SOURCE MATERIAL:
━━━━━━━━━━━━━━━━━━━━
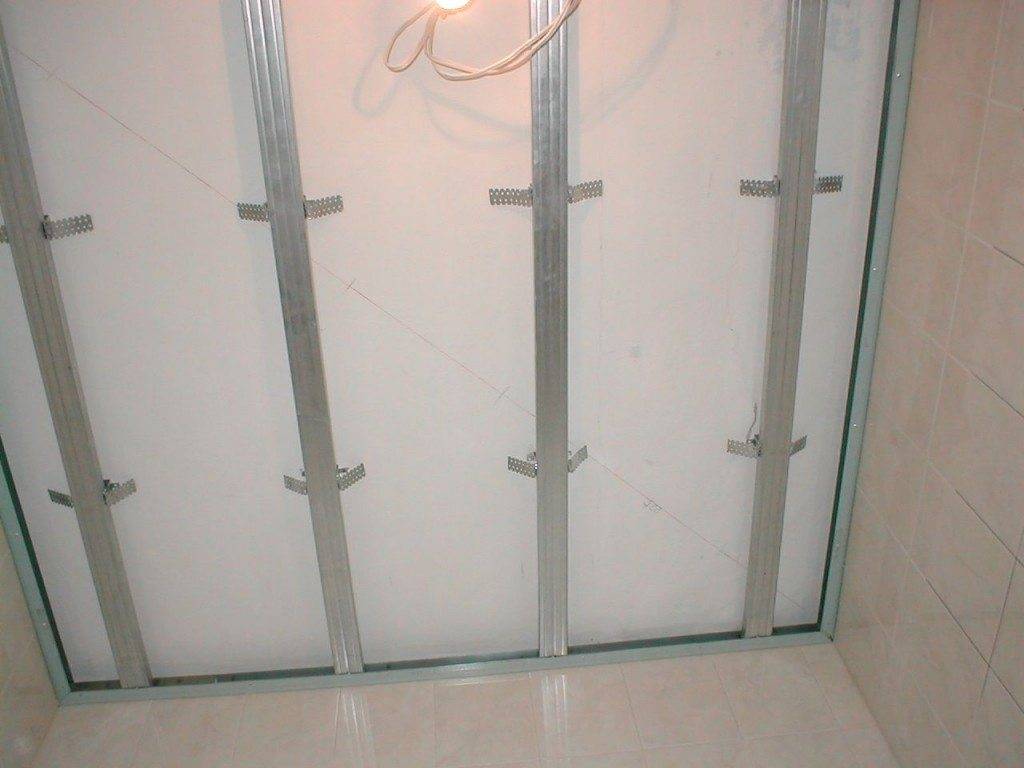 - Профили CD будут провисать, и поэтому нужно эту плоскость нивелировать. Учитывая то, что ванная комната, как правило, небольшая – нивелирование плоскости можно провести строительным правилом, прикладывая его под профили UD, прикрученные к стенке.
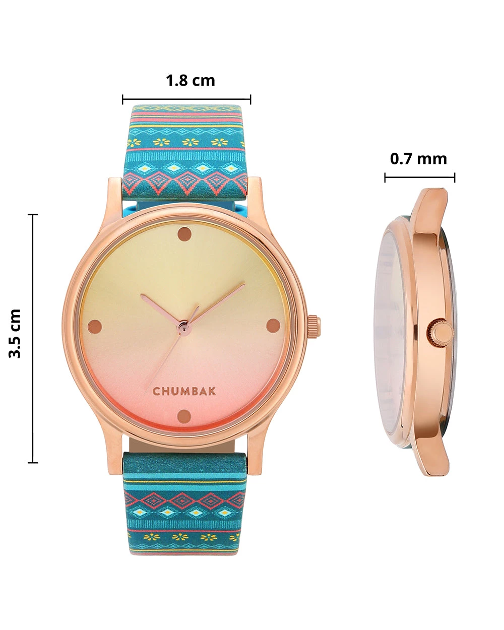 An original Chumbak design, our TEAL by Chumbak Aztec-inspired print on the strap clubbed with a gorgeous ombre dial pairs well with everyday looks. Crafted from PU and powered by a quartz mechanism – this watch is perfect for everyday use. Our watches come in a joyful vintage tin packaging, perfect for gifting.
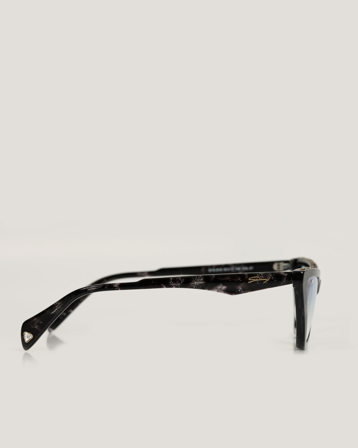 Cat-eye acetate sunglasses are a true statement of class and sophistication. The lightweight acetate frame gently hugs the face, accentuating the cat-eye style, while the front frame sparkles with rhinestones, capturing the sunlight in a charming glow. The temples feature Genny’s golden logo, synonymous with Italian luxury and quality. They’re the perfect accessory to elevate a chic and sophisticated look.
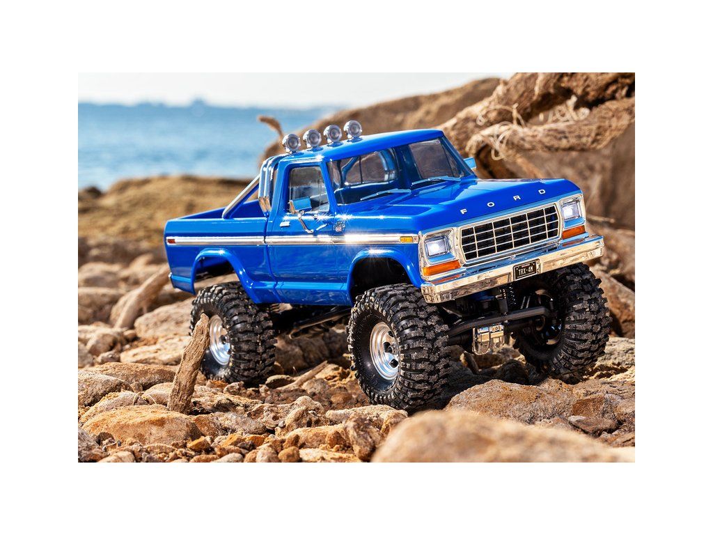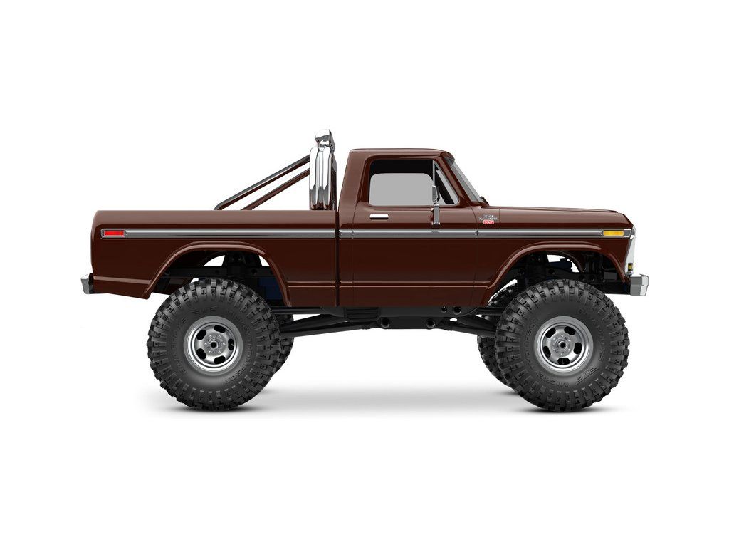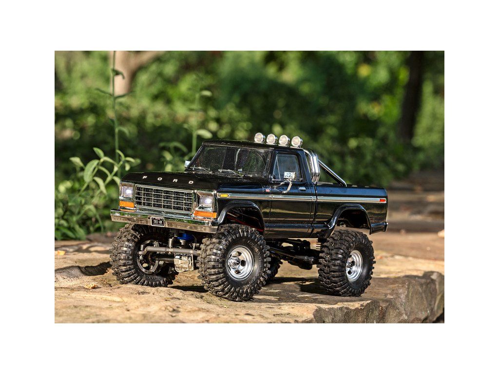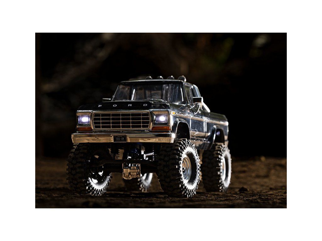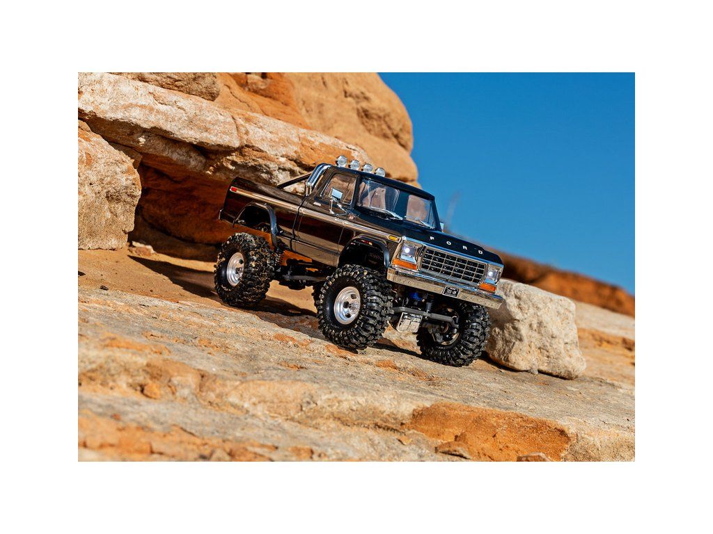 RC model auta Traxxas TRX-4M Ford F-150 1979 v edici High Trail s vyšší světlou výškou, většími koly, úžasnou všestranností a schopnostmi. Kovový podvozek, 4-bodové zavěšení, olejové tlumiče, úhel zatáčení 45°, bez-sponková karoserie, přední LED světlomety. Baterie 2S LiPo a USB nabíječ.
━━━━━━━━━━━━━━━━━━━━
DIRECTIONS: Write out the material above precisely, leaving each picture behind.

RESULT:
 - Профили CD будут провисать, и поэтому нужно эту плоскость нивелировать. Учитывая то, что ванная комната, как правило, небольшая – нивелирование плоскости можно провести строительным правилом, прикладывая его под профили UD, прикрученные к стенке.
 An original Chumbak design, our TEAL by Chumbak Aztec-inspired print on the strap clubbed with a gorgeous ombre dial pairs well with everyday looks. Crafted from PU and powered by a quartz mechanism – this watch is perfect for everyday use. Our watches come in a joyful vintage tin packaging, perfect for gifting.
 Cat-eye acetate sunglasses are a true statement of class and sophistication. The lightweight acetate frame gently hugs the face, accentuating the cat-eye style, while the front frame sparkles with rhinestones, capturing the sunlight in a charming glow. The temples feature Genny’s golden logo, synonymous with Italian luxury and quality. They’re the perfect accessory to elevate a chic and sophisticated look.
 RC model auta Traxxas TRX-4M Ford F-150 1979 v edici High Trail s vyšší světlou výškou, většími koly, úžasnou všestranností a schopnostmi. Kovový podvozek, 4-bodové zavěšení, olejové tlumiče, úhel zatáčení 45°, bez-sponková karoserie, přední LED světlomety. Baterie 2S LiPo a USB nabíječ.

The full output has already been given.